Task statement: Every line below from the one with "李愚鶴在田間進(jìn)行人" through the one with "Pour l'année prochaine" is to be repeated exactly, with no picture among them.

Given records:
◇ ◇ ◇ ◇ ◇ ◇ ◇

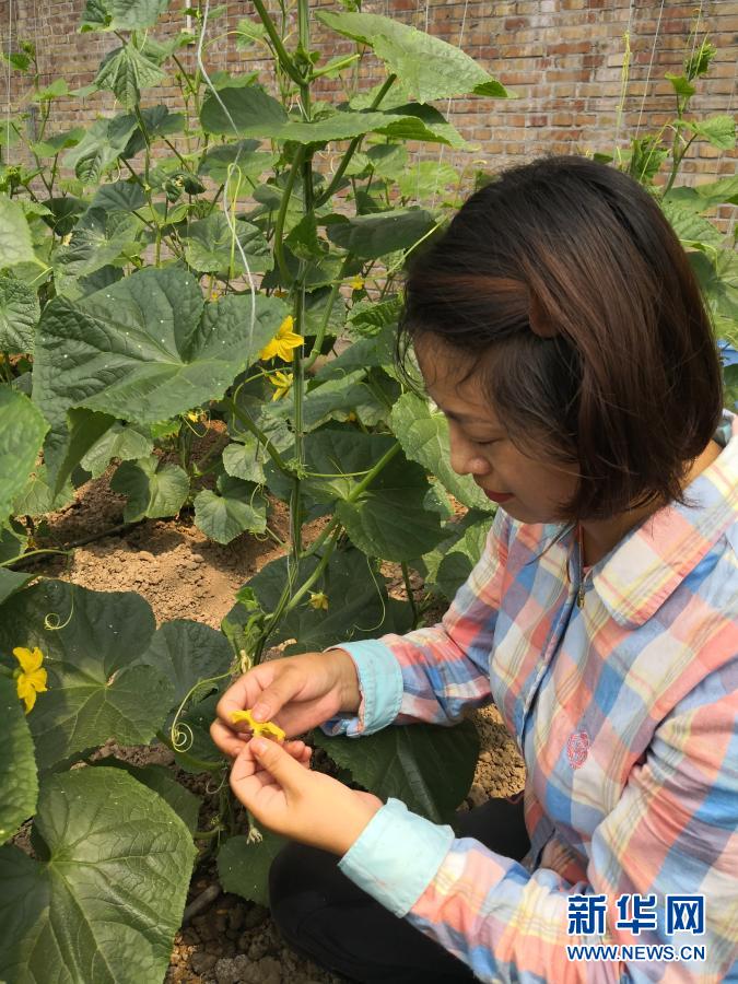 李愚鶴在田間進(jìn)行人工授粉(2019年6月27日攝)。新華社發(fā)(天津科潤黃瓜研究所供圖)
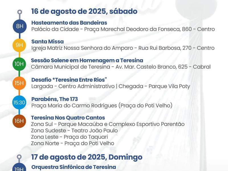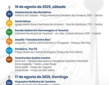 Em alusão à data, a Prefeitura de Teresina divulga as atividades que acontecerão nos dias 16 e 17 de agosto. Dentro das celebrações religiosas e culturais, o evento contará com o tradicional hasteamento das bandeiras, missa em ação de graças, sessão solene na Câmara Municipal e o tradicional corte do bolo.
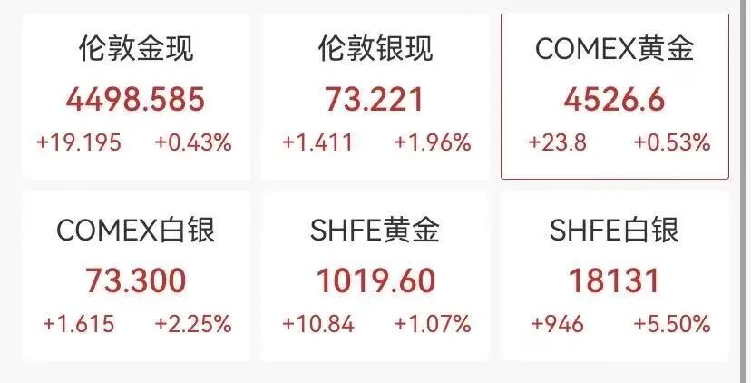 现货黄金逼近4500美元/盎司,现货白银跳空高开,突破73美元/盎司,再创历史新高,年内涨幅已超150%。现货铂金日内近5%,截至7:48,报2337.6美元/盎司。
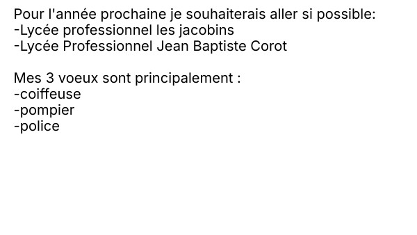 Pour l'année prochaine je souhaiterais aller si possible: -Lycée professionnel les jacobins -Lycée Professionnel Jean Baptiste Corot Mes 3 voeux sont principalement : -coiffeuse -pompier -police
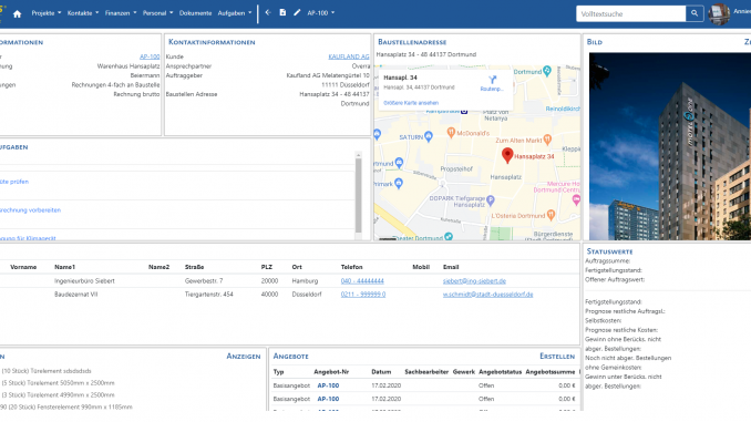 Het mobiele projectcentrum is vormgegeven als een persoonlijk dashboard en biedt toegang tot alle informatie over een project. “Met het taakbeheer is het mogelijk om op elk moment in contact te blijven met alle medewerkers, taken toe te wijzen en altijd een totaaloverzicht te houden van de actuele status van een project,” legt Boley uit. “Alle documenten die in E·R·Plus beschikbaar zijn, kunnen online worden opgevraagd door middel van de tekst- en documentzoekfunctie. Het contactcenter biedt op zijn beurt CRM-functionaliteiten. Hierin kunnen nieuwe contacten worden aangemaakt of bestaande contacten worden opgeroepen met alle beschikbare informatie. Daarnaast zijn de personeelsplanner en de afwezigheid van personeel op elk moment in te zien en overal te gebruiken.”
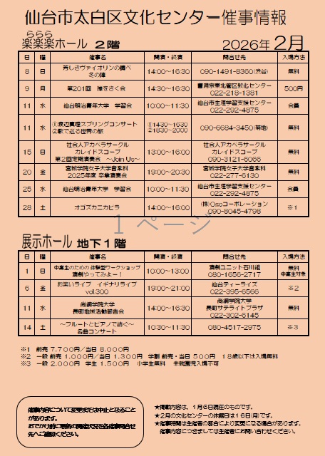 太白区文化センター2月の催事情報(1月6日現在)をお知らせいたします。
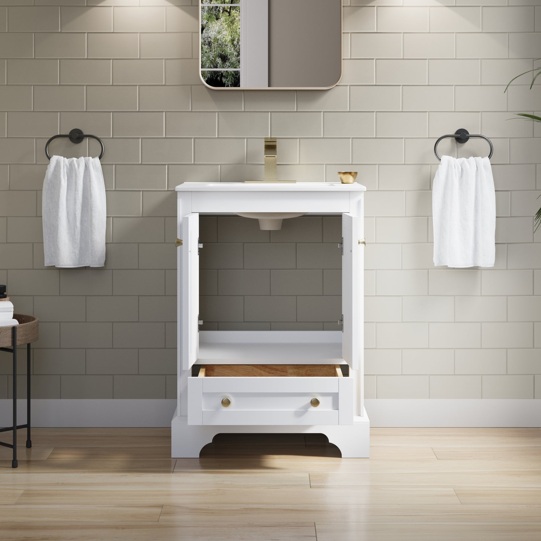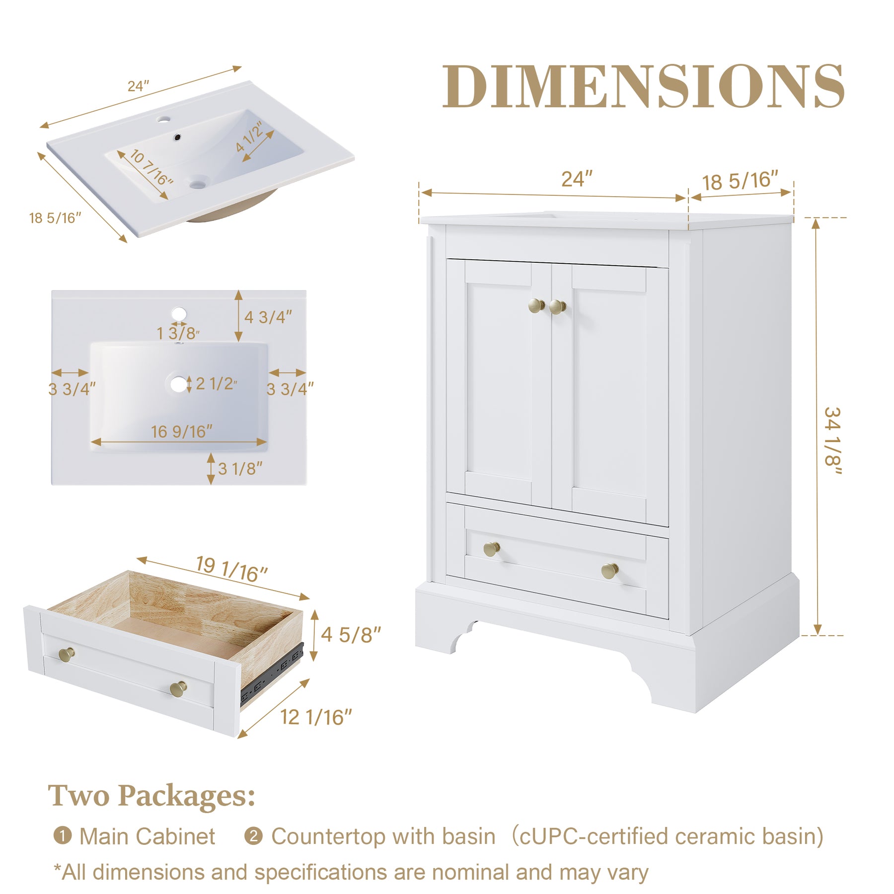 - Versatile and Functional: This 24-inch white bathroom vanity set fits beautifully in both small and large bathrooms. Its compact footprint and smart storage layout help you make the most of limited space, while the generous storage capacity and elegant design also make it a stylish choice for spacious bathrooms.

◇ ◇ ◇ ◇ ◇ ◇ ◇

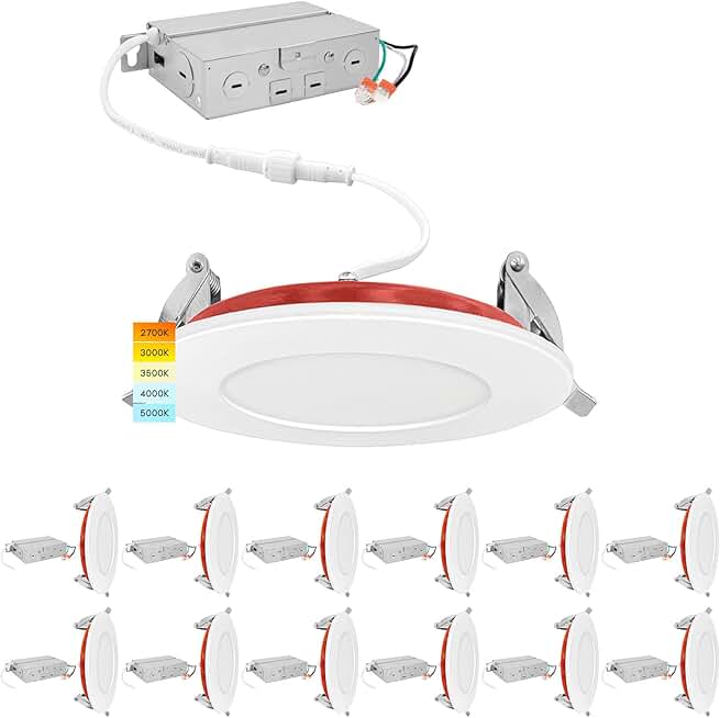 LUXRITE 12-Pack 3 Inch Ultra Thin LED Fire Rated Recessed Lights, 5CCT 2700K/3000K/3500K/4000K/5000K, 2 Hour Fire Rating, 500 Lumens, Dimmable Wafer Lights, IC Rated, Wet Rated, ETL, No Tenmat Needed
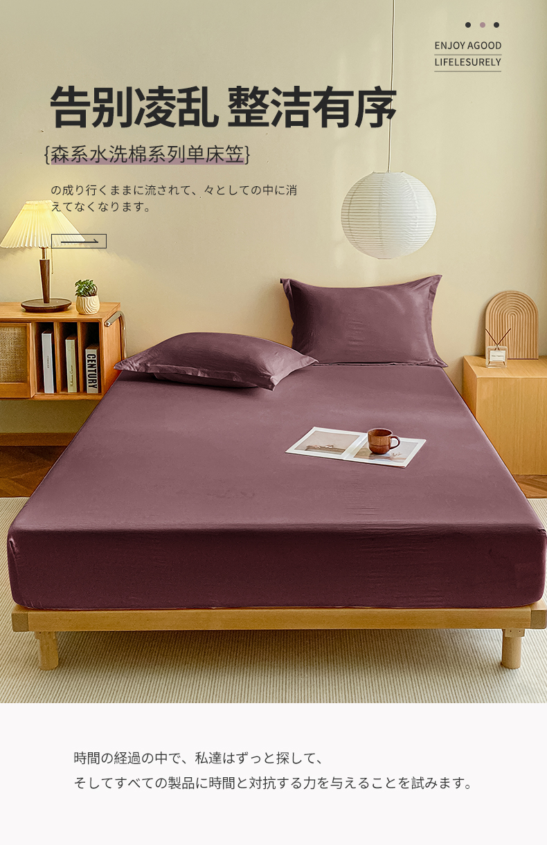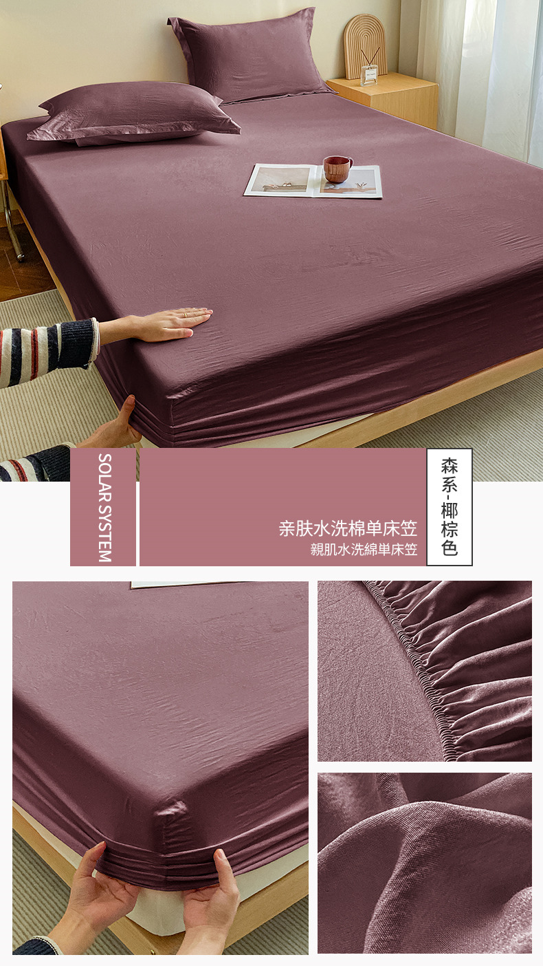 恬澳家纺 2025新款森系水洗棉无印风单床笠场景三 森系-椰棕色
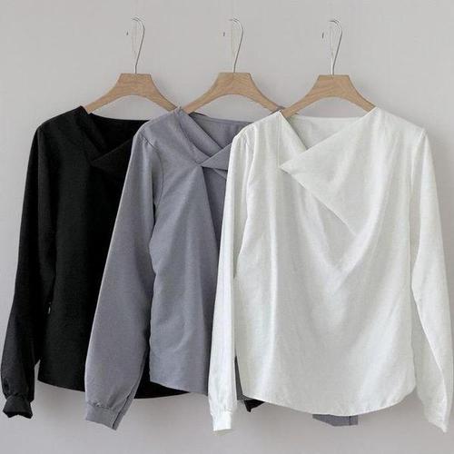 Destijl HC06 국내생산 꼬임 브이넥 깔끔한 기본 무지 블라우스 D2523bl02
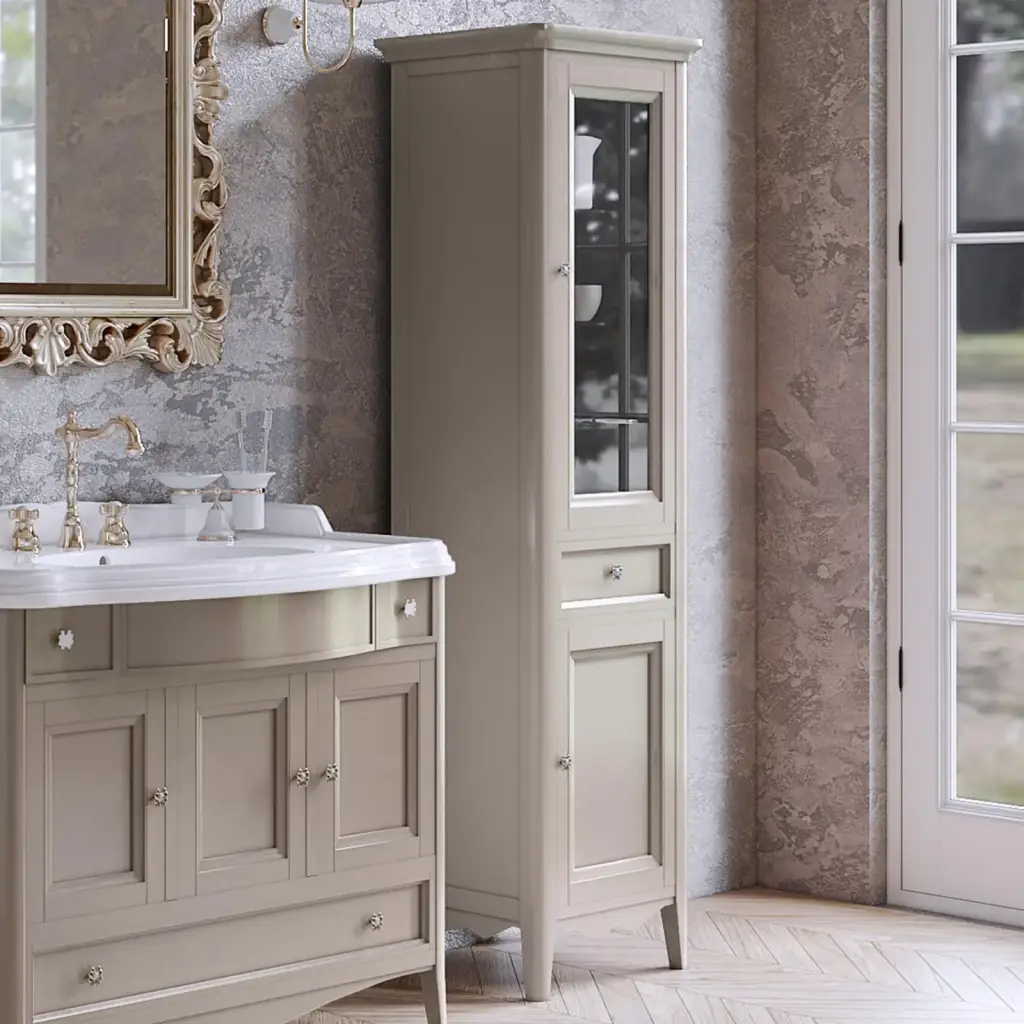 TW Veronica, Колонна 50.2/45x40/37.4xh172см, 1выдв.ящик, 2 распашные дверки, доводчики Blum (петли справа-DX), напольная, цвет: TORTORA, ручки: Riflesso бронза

◇ ◇ ◇ ◇ ◇ ◇ ◇

Your response:
 李愚鶴在田間進(jìn)行人工授粉(2019年6月27日攝)。新華社發(fā)(天津科潤黃瓜研究所供圖)
 Em alusão à data, a Prefeitura de Teresina divulga as atividades que acontecerão nos dias 16 e 17 de agosto. Dentro das celebrações religiosas e culturais, o evento contará com o tradicional hasteamento das bandeiras, missa em ação de graças, sessão solene na Câmara Municipal e o tradicional corte do bolo.
 现货黄金逼近4500美元/盎司,现货白银跳空高开,突破73美元/盎司,再创历史新高,年内涨幅已超150%。现货铂金日内近5%,截至7:48,报2337.6美元/盎司。
 Pour l'année prochaine je souhaiterais aller si possible: -Lycée professionnel les jacobins -Lycée Professionnel Jean Baptiste Corot Mes 3 voeux sont principalement : -coiffeuse -pompier -police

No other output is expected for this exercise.